Back to my original question: What is the value of the arts? I think about this question in two ways. One is very personal. When I speak to a social worker, it is difficult not to see pursuing a career in arts administration as somehow frivolous, as though my love of art should be secondary to an apparently nobler service. (I think this question would be a lot easier to dismiss if I were a professional artist, which probably reflects my sense that the act of making art that can be successful in the world is in itself a nobler service.)

The other level is more social. As Ivey points out, American arts advocates often justify support for arts organizations and arts education as a means to another end: Studying music will make you better at math and engineering. Instinctively, I feel like art has intrinsic value, but how do you define or defend that claim in the face of, for example, rampant job and home loss?

This is, obviously, painfully relevant right now. We've all watched the arts become an easy target in the partisan battle over Obama's much-vaunted stimulus plan. For Republicans, the National Endowment for the Arts and its "checkered past" is too tempting a scapegoat in the tired culture wars. Republican nitpicking over a fraction of funding to a significant part of the American economy is unsurprising. What's been truly disappointing is the rapid defection of many prominent Democrats.

The immediate arguments against cutting the NEA out of the stimulus package: The arts and art nonprofit communities supply a lot of jobs. Studies show that successful arts organizations have a high positive effect on local economies. In the New Deal, the Works Progress Administration contributed significantly to the history of American art by hiring artists to create public work.

But why are the arts are so expendable in the first place? Another current controversy in the arts world comes from the same assumption, that art is the first thing to go, like a body sacrificing its reproductive organs when it becomes malnourished: Brandeis University is eliminating the Rose Museum. (Tyler Green on the issue.) The art museum is, I am fairly confident, as important as the library and the labs. It is part of the lifeblood of the university, and simply selling off the collection is a shockingly drastic measure.

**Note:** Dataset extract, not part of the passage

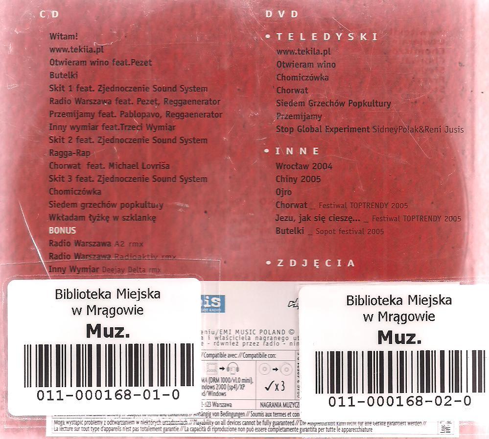 Zawiera: Zawiera: Witam ; www.tekila.pl ; Otwieram wino feat. Pezet ; Butelki ; Skit 1 feat. Zjednoczenie Sound System ; Radio Warszawa feat. Pezet, Reggaenerator ; Przemijamy feat. Pablopavo, Reggaenator ; Inny wymiar feat. Trzeci Wymiar ; Skit 2 feat. Zjenoczenie Sound System ; Ragga - Rap ; Chorwat feat. Michael Lovrisa ; Skit 3 feat. Zjednoczenie Sound System ; Chomiczówka ; Siedem grzechów popkultury ; Wkładam łyżkę w szkalnkę ; Radio Warszawa [A2 rmx] ; Radio Warszawa [Radioaktiv rmx] ; Inny wymiar [Deejay Delta rmx]. ; DVD 1. www.tekila.pl (teledysk) ; Otwieram wino (teledysk) ; Chomiczówka (teledysk) ; Chorwat (teledysk) ; Siedem Grzechów Popkultury (teledysk) ; Stop Global Experiment (feat Reni Jusis) (teledysk) 7. Przemijamy (klip nakręcony w Chinach) (teledysk) - making of "Chomiczówka" - making of "Przmijamy" (z Chin) - Chomiczówka - wersja podwodna - Ojro - numer z nowej płyty nagrany na próbie na "setkę" - Butelki - występ podczas Festiwalu w Sopocie (TVN)

I am less confident that the arts are as important as food, housing, and health care. I still think that the $50 million, one/seventeenth the total of the package, that the House approved for the arts should go to the arts. It will have a stimulating effect on the economy, it should be part of the stimulus bill. But in such a time of social and financial crisis, how do we formulate an argument for more attention to the arts, for a larger role for the arts in policy?

Ivey's constitutional argument falls short for me. If the arts are only important to American culture because they are required for the pursuit of happiness, then they must fall by the wayside when basic needs aren't being met.

That assertion starts to take form better when he gets into the dual nature of the expressive life: Being in touch with your cultural heritage, and having access to the skills and motivation to be an active amateur creator. What arises out of this is more than personal pleasure and satisfaction: It's community. An active arts community should be open and accessible to anyone. It is the foundation of culture, and it is also a positive social glue that brings people together in times of poverty and crisis.

I certainly haven't come to any conclusive answers to the question of valuing art, but I do think it is more than hedonism or narcissism.